The result is extremely fast and efficient routing with minimal overhead. But because it operates blindly at the transport level, it can’t make smart decisions based on content, it doesn’t know if the request is for /api/users or /api/payments, it just sees a TCP connection. Use this when raw throughput matters more than request-level intelligence, like database connections, gaming servers, or any non-HTTP protocol.
Here is where things get interesting. The LB actually reads the HTTP request, headers, URL path, cookies, query parameters, even the request body, and makes routing decisions based on that content.

This is what enables things like: routing /api/* traffic to your backend cluster and /static/* to a CDN, sticky sessions based on a cookie value, A/B testing by splitting traffic based on a header, or canary deployments where 5% of users get the new version. It’s smarter, more flexible, and more powerful than L4, but it comes with higher CPU overhead since every packet needs to be inspected.
For most modern web applications, L7 is the right choice. For raw throughput at the network level, L4 wins.
This distinction matters more than people realize, especially once you have to debug a session issue in production at the worst possible time.
In stateless load balancing, the LB has no memory of past requests. Every incoming request is treated independently, routed to whatever server the algorithm picks at that moment — Round Robin, Least Connections, whatever. The LB doesn’t care if the same user made a request two seconds ago or which server handled it.
This is the simpler, faster, and more scalable model. Since there’s no state to maintain, you can add and remove LB instances freely, and horizontal scaling is trivial. It works perfectly for stateless applications — REST APIs, microservices, anything where the server doesn’t need to remember who you are between requests. Cloud-native architectures are largely built around this model, pushing session state to external stores like Redis instead of keeping it in memory on the server.
Also known as session persistence or sticky sessions, ensures that requests from the same client always land on the same backend server. The LB tracks sessions, usually via a cookie or the client’s IP, and pins each session to a specific server.
The use case is clear: Suppose a web application that requires users to log in to access their personal information. A stateful load balancer can guarantee that requests from the same user are routed to the same server, allowing session data such as login credentials to be available.
Characterized into two types:
Source IP Affinity: This form of stateful load balancing assigns a client to a specific server based on the client’s IP address.
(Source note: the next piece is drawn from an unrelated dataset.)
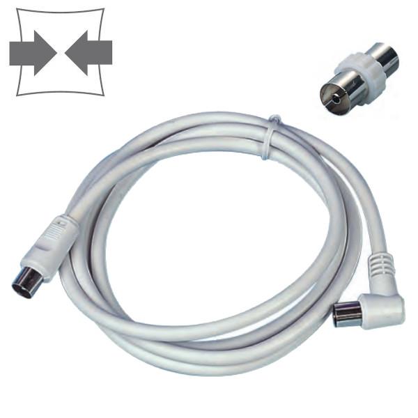 Prolunga per antenna TV da 3 metri con SPINA e PRESA 90° di colore bianco con adattatore in confezione Polybag

While this approach ensures that requests from the same client consistently reach the same server, it may pose issues if the client’s IP address frequently changes, such as in mobile networks.
Session Affinity: In this type of stateful load balancing, the load balancer allocates a client to a specific server based on a session identifier, such as a cookie or URL parameter. This method ensures that requests from the same client consistently reach the same server, regardless of the client’s IP address.
Stateless LB is useful for applications that can process requests independently, while stateful LB is more appropriate for applications that depend on session data.